Tucked away in the converted storage room of a former movie theater, a handful of soldiers are producing drones by the dozen as part of the division’s Lightning Lab, a 13-person unit borrowed from other parts of the division and rapidly trained to build drones, training aids and ad hoc solutions to problems encountered on the battlefield.
The Lightning Lab troops also take their 3D printers on the road. When the division was deploying to the Philippines last summer, the unit was tasked with producing drones to use during the training, said Chief Warrant Officer 2 John Crutcher. They decided to produce a 3D-printed unibody frame they called the kestrel, so they “went out to the Philippines, made 125 of them out there in the field, and took a lot of good feedback from the field,” including that soldiers needed to be able to fly the drones indoors, for training and room-clearing, Crutcher said.
So, a week after they returned to Hawaii, they made a new model, dubbed the Falconette.
The rapid—some might even say “lightning-fast”—speed at which the lab can gather feedback and adapt is a key component of the U.S. Army’s Transformation in Contact initiative, and a radical departure from the traditional yearslong defense acquisition process.
Lt. Col. Eugene Miranda, spokesman for the 25th Infantry Division, said much of what the lab does is “soldier-driven innovation from the point of need.”
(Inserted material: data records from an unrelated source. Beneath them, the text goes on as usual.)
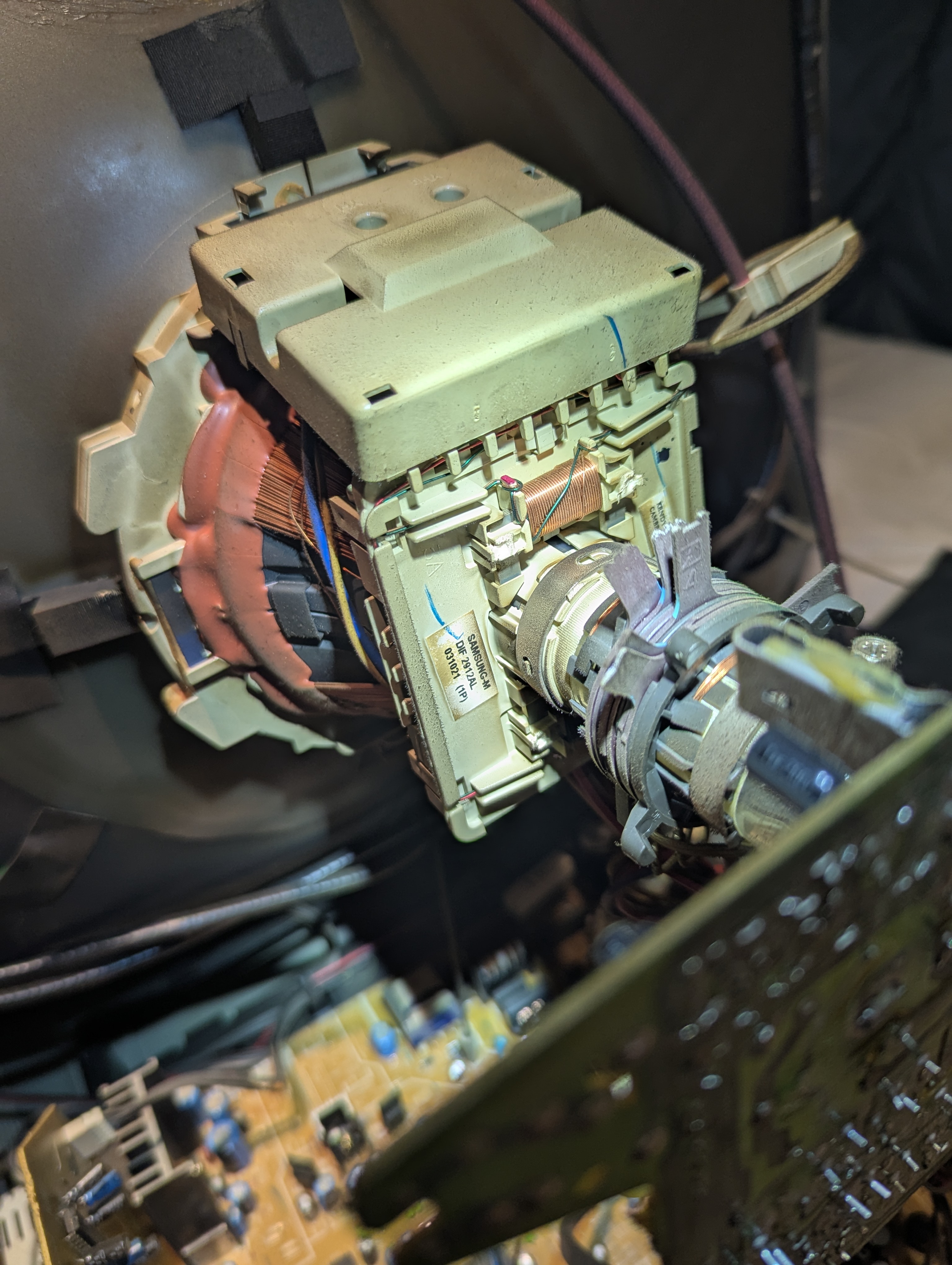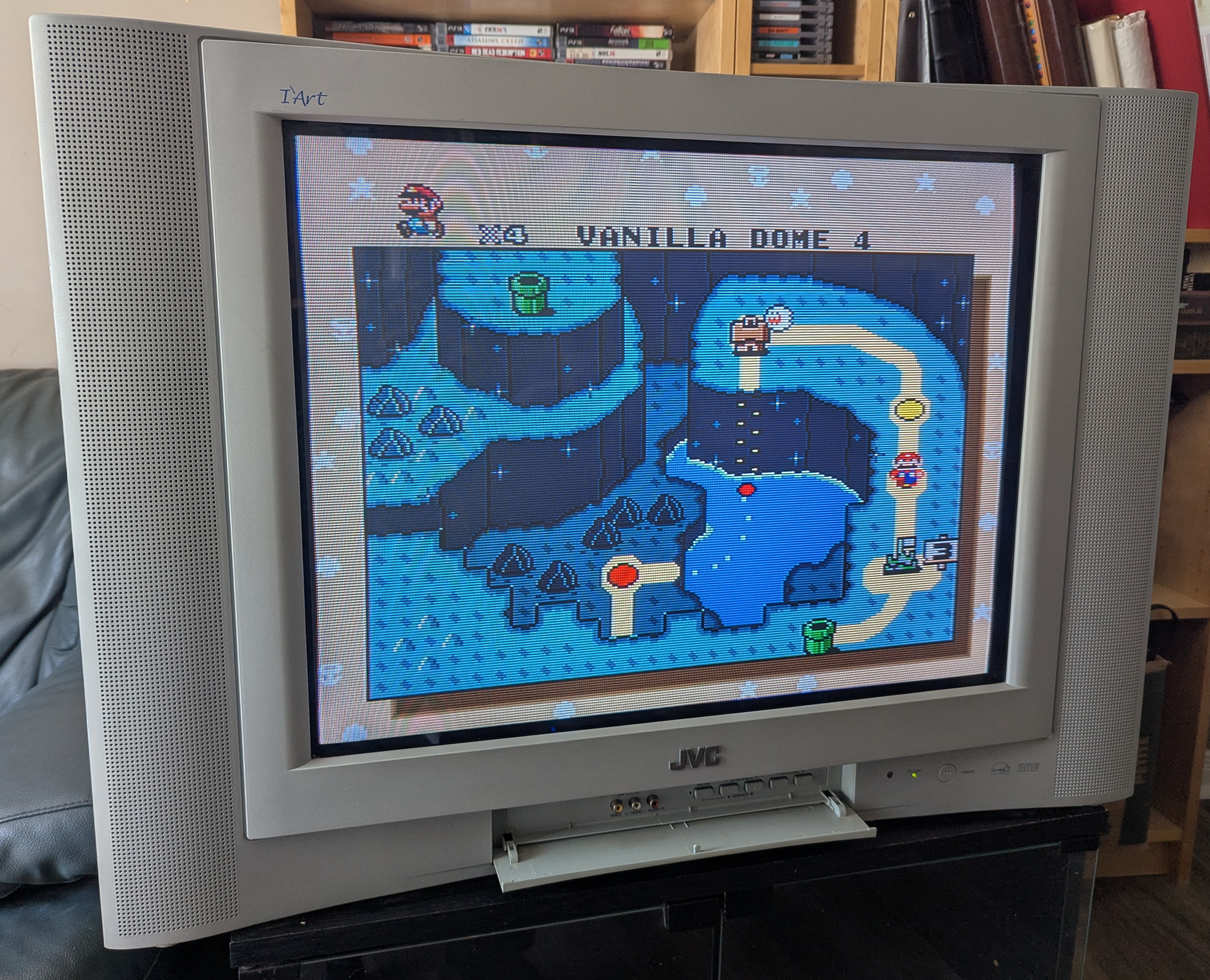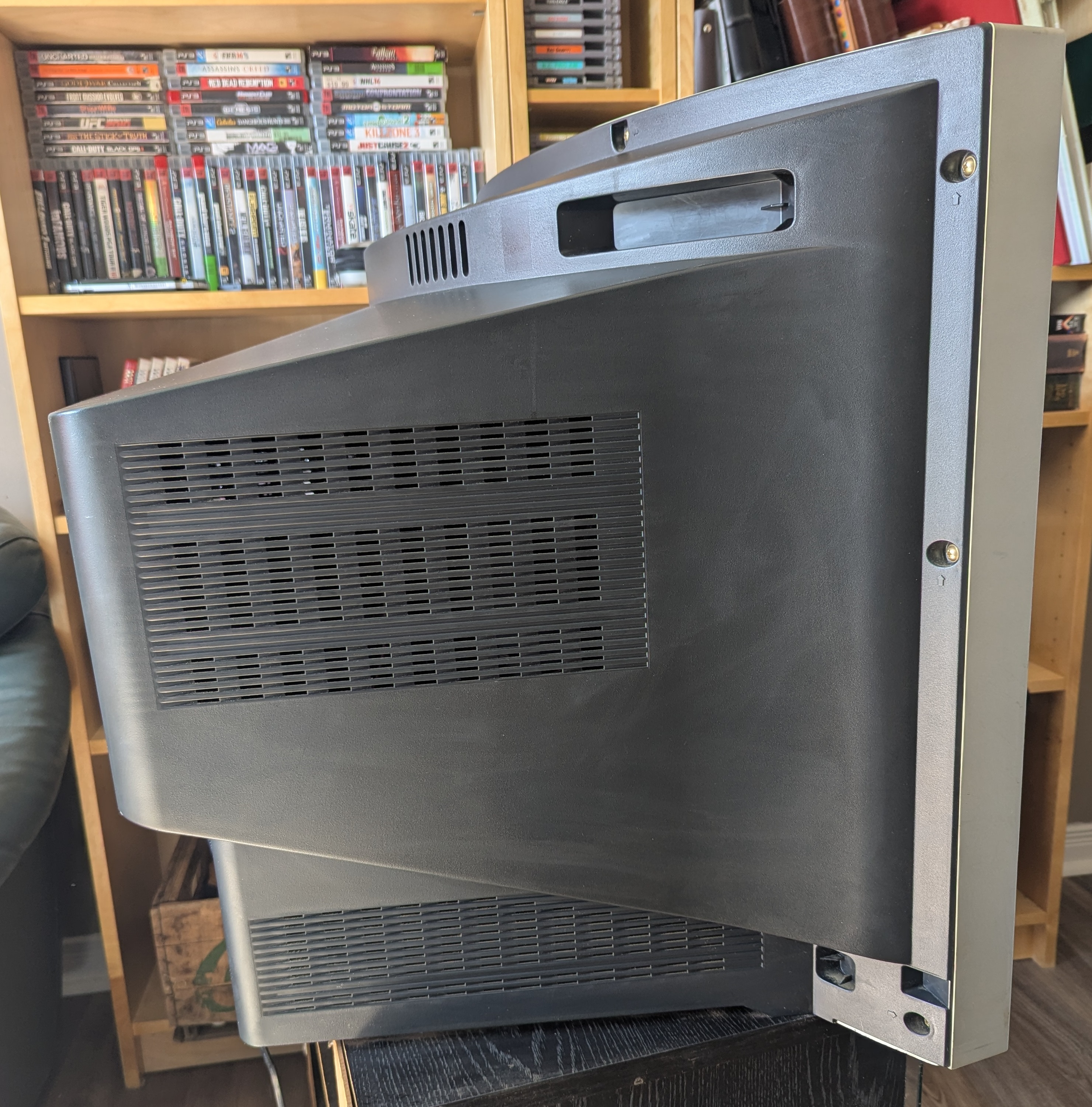 27" flat CRT by JVC. Has a full set of inputs. Originally manufactured in Mexico in 2003.
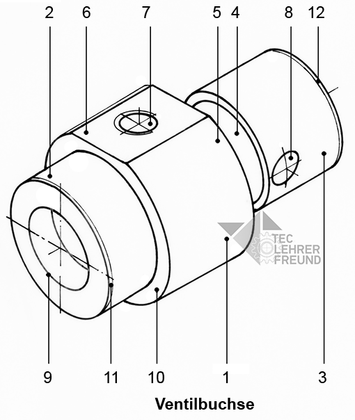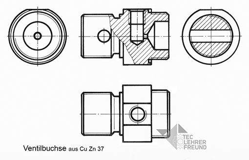 Eine in Perspektive dargestellte Ventilbuchse soll in Ansichten gezeichnet werden.
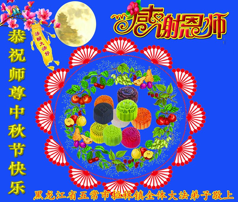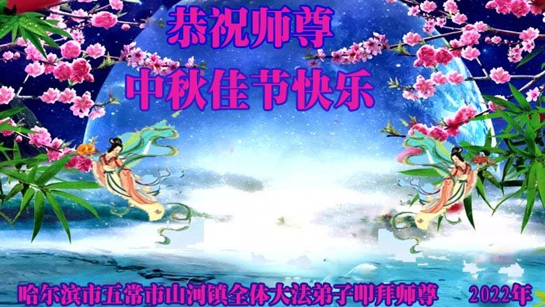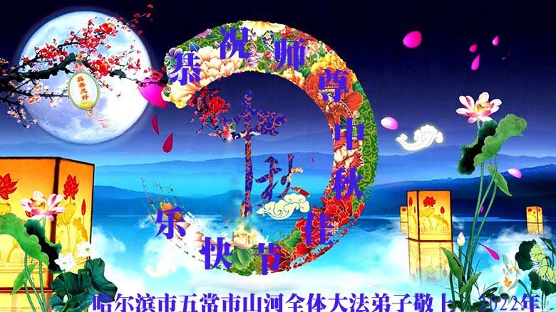 【明慧网二零二二年九月八日】 黑龙江省哈尔滨市五常市山河全体大法弟子恭祝师尊中秋佳节快乐!
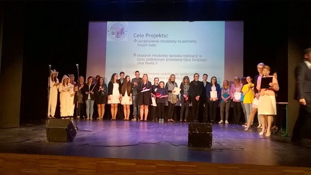 Dnia 13.05.2016 roku młodzież naszego Gimnazjum uczestniczyła  w etapie rejonowym prezentacji szkolnych projektów podsumowujących małopolski projekt „Mieć Wyobraźnię Miłosierdzia”. Prezentacje szkół naszego rejonu miały miejsce w kinie „Sokół” w Starym Sączu. W tym roku dziewięć szkół (gimnazjalnych i ponadgimnazjalnych) przedstawiło całoroczną pracę na rzecz potrzebujących.
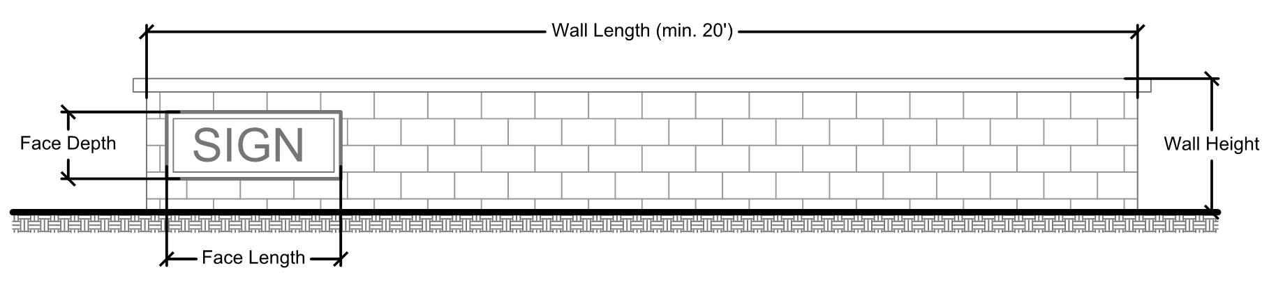 (36) Sign: Wall Sign. Any sign, including a painted wall sign, that is attached to a freestanding wall that is not part of a building. For the purposes of this definition, such a freestanding wall must be at least twenty (20) feet long for a sign placed upon it to qualify as a wall sign, as shown in Figure 24-62: Example Wall Sign A sign attached to a wall that is less than twenty (20) feet in length shall be defined as a Monument Sign if the wall base touches the ground, or as a Freestanding Sign if the wall base does not touch the ground.
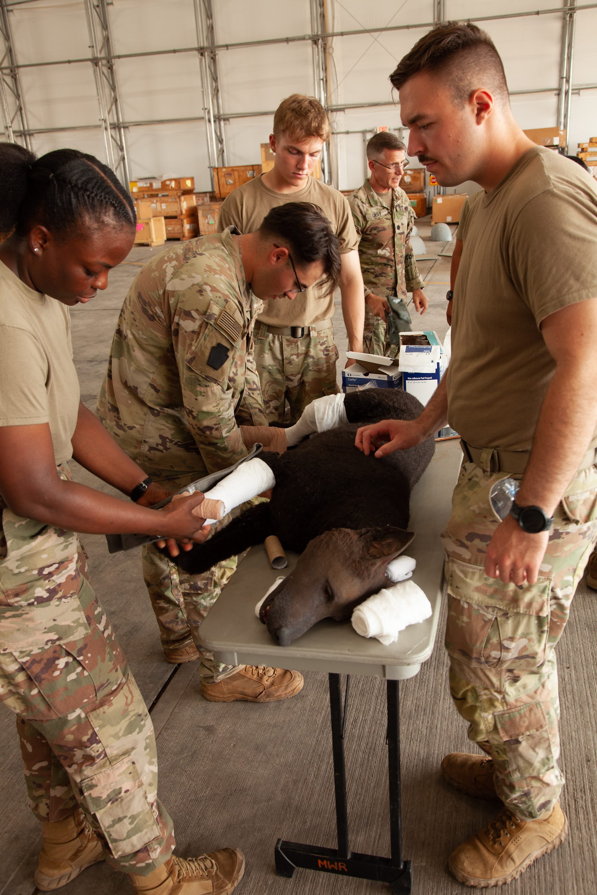 TF Paxton Medics train with Marines, Air Force, and French Security Forces on K9 Tactical Combat Casualty Care. 26 Mar. 2024, Djibouti, Africa.
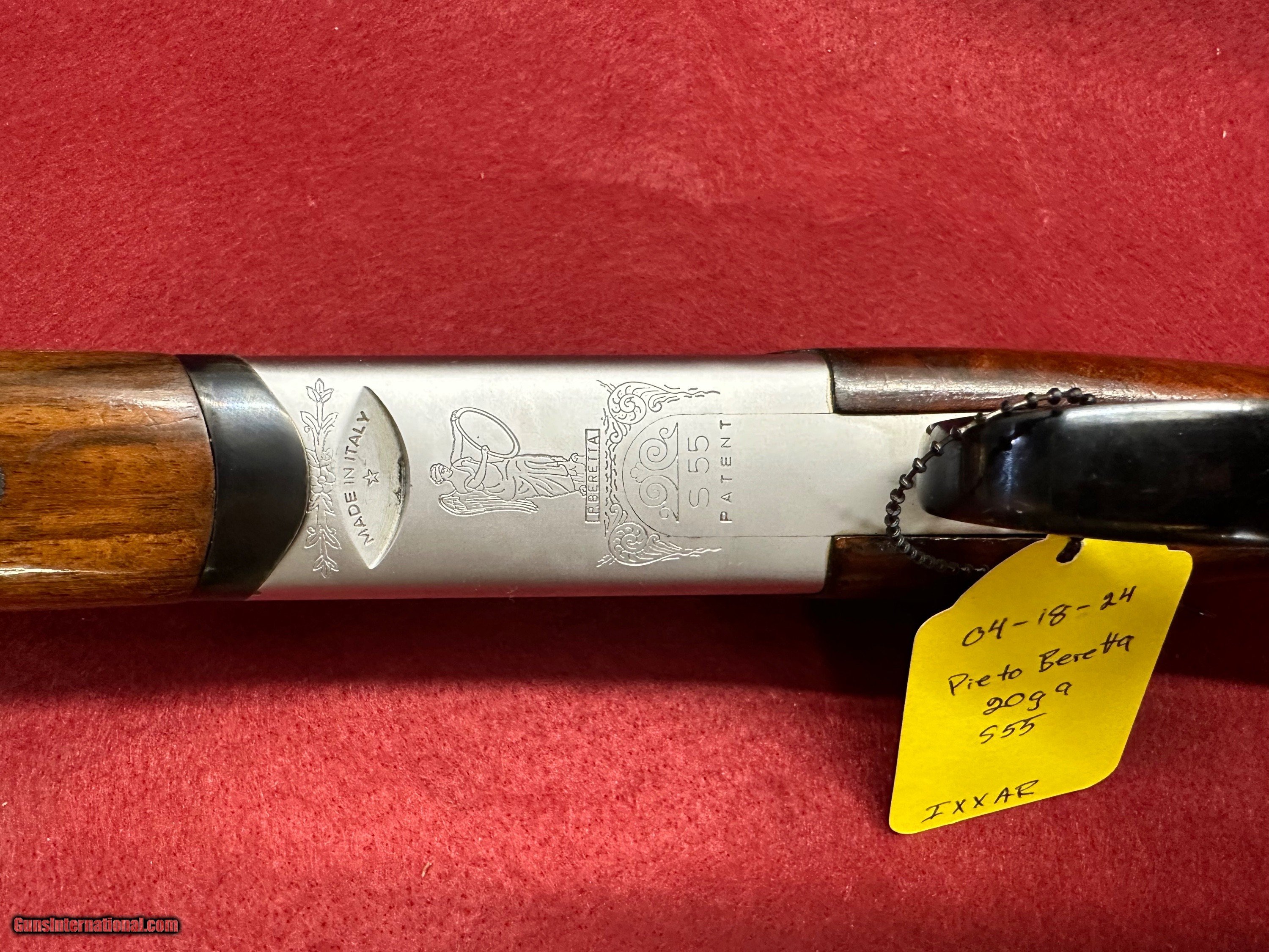 Description: Beretta OU 20 ga S55 Shotgun. Mirror bores. Stock has some dings and dents. Barrels have no dents. some light freckling on the right side by the hand guard shown in the pictures. Locks up very tight. Great upland bird gun. Price includess all CC Fees Flat 35.00 shipping SOLD Shotgun Gauge: 20 Gauge Manufacturer: Beretta Model: S55 Barrel Length: 26 3/8 Condition: Good Metal Condition: Good Wood Condition: Good Bore Condition: very good Action: OU Chokes: Fixed Choke Left: Top Modified Choke Right: Bott Cyl Item Location: Buxton Maine |

“A lot of that innovation is being powered down to the soldiers who are actually the users of the things. So we get that real-time feedback, versus these age-old systems where it’s optimized only for the process of the planning, programming, budgeting and execution time horizon.”
In addition to the Kestrel and Falconette, the lab also makes one-way attack drones that cost just $12 in components to make, and is working with a company that won an Army innovation competition on swarm tech. The company brought its winning tech here and “in 24 hours, we had redesigned our Kestrel frame to be able to fit their components to be able to get up and fly a swarm,” Crutcher said.
It’s not just drones. During the Philippines trip, Crutcher said, they printed 110 new buttstocks for rifles, because the scopes were sitting too high to easily and comfortably use them with the original buttstocks. They also print training aids.
So how much training do the soldiers need before they can build drones? Crutcher said his expertise came from “YouTube University, Google University, Reddit University.”
One soldier who showed up on a Tuesday morning had built his first drone by the afternoon, and was building drones unsupervised by Thursday, he said.
The lab also teaches other units how to use the printers and build drones, because “we don’t want to be the single point of failure for the 25th ID,” Crutcher said. “You can’t rely on a 13-person shop to mass-manufacture at scale, right? Anybody who knows how to do math is going to be able to figure that out pretty quickly.”